Но в начале никто не видел конца.

Мир ещё светился по вечерам. В окнах горели кухни. На остановках ругались из-за транспорта. В больницах пахло хлоркой, пластиком и мокрой одеждой. На проходных требовали пропуска. За заборами гудели заводы. Насосные гнали воду. Котельные давали тепло. Склады принимали фуры. Поезда уходили за горизонт.

Всё было привычным.

А привычное долго кажется прочным.

Люди верили не в чудо. Они верили в порядок.

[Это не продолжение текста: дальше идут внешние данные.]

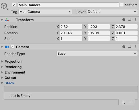 오버레이 타입 카메라를 메인 카메라의 Stack 리스트에 추가해주면 끝
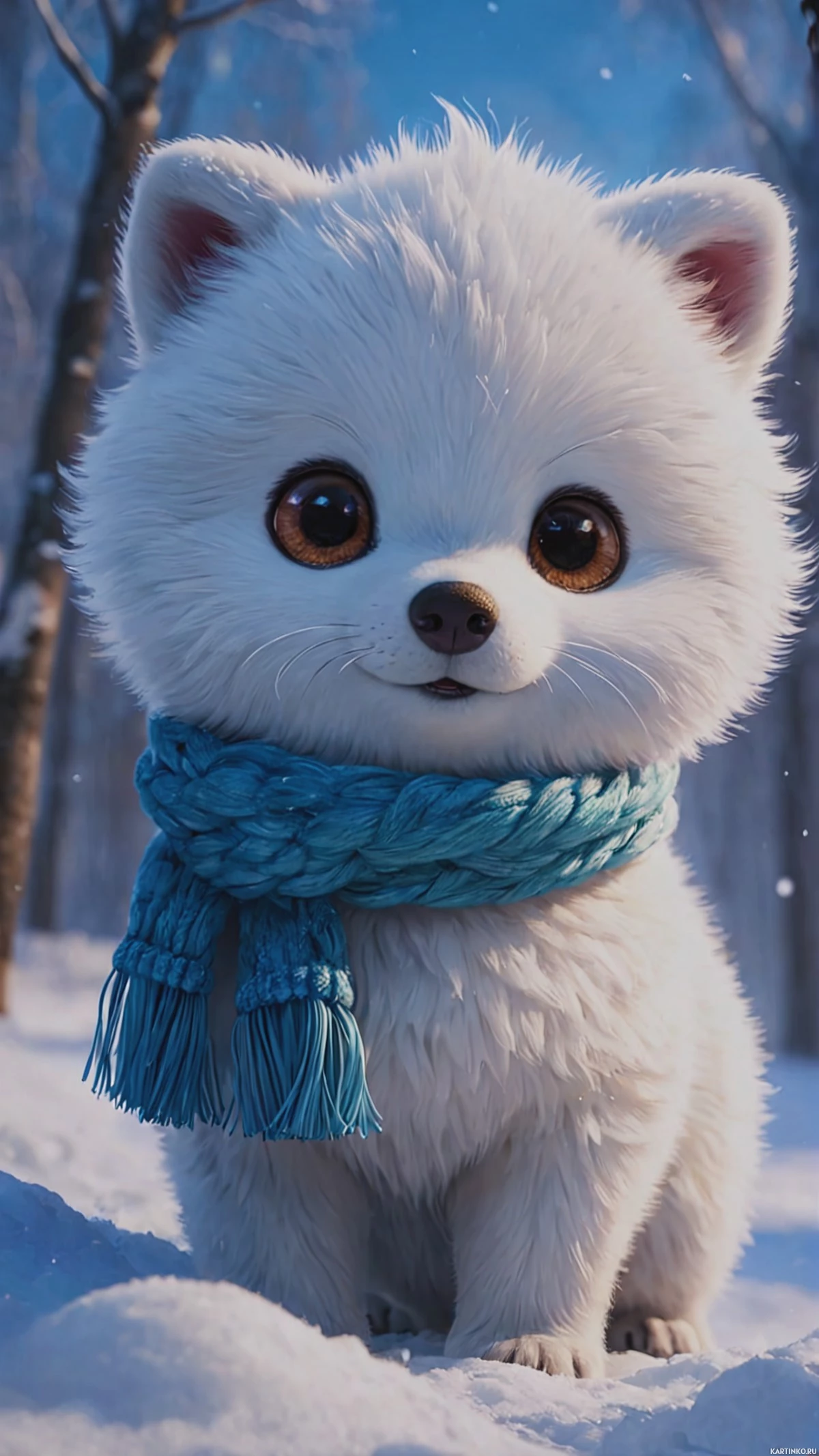 blue scarf around its neck, suggesting it may be cold or the image is meant to convey a sense of warmth or preparation for winter. There are no trees visible in this particular image, but there appears to be a hint of

Если ломалось — должны были починить. Если горело — потушить. Если заболевали — увезти туда, где есть врач. Если не хватало — подвезти. Если случалась беда, где-то снаружи оставалось место, где всё ещё нормально. Оттуда пришлют бригаду, технику, топливо, лекарства, генератор, приказ, людей с полномочиями и голос, который скажет: держитесь, помощь идёт.

Страшнее всего оказалось понять, что снаружи больше нет.

Не сразу.

Не в один страшный час.

Не под один грохот, после которого можно было бы сказать: вот здесь началось, вот здесь закончилось.

Пределом это назвали позже.

Не потому, что мир дошёл до края карты. Карты ещё висели на стенах. Дороги ещё были нарисованы. Города ещё стояли. Заводы ещё гудели. Станции ещё держали напряжение. В трубах ещё шла вода.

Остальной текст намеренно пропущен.